Your assignment -> Each line from the one with "2月2日,在青藏鐵路公司西寧供電段哈爾蓋工區負責鐵路線上,郭勝強(左)與(yu) 羅露露在巡檢接觸網。新華社記者 張龍" through the last line of the material is to be printed exactly; no other line and no picture belongs in the copy.

Recorded information ->
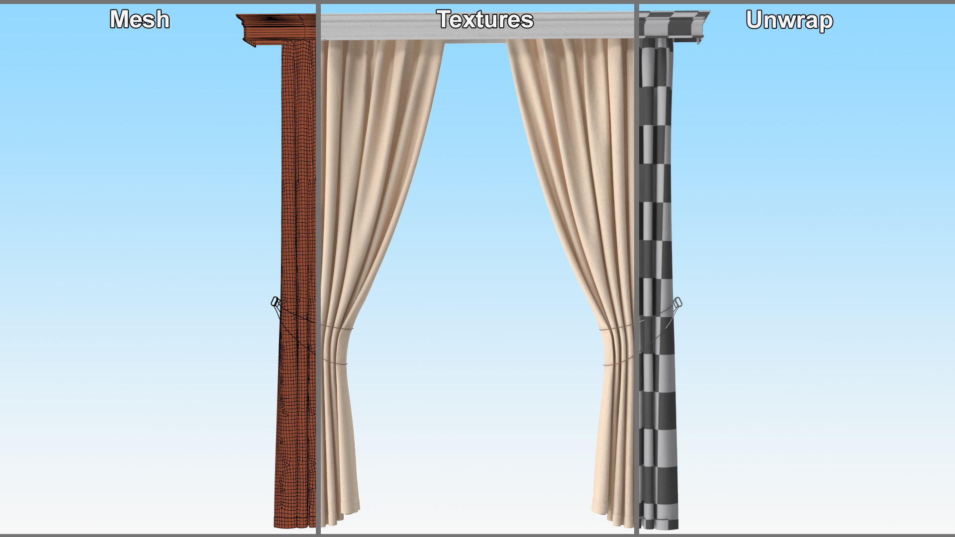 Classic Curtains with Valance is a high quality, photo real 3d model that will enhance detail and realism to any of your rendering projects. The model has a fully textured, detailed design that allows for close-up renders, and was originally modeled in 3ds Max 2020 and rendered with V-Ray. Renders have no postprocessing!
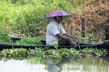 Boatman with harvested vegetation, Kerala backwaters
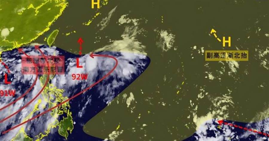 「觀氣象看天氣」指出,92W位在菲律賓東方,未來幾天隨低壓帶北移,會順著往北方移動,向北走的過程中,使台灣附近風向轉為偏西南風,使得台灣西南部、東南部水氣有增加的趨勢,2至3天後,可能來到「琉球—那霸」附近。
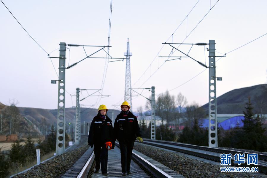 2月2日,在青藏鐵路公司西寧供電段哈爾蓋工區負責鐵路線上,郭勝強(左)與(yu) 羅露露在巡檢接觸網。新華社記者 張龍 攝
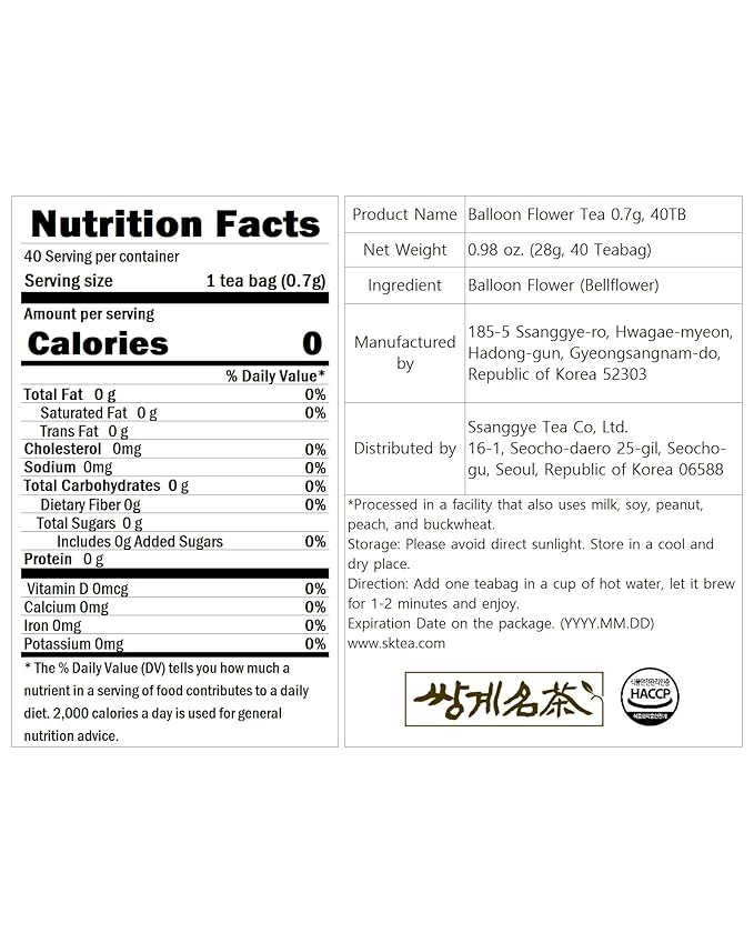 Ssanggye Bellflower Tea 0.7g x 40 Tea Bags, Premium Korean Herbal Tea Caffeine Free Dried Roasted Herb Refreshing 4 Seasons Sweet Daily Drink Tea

Result of this exercise ->
 2月2日,在青藏鐵路公司西寧供電段哈爾蓋工區負責鐵路線上,郭勝強(左)與(yu) 羅露露在巡檢接觸網。新華社記者 張龍 攝
 Ssanggye Bellflower Tea 0.7g x 40 Tea Bags, Premium Korean Herbal Tea Caffeine Free Dried Roasted Herb Refreshing 4 Seasons Sweet Daily Drink Tea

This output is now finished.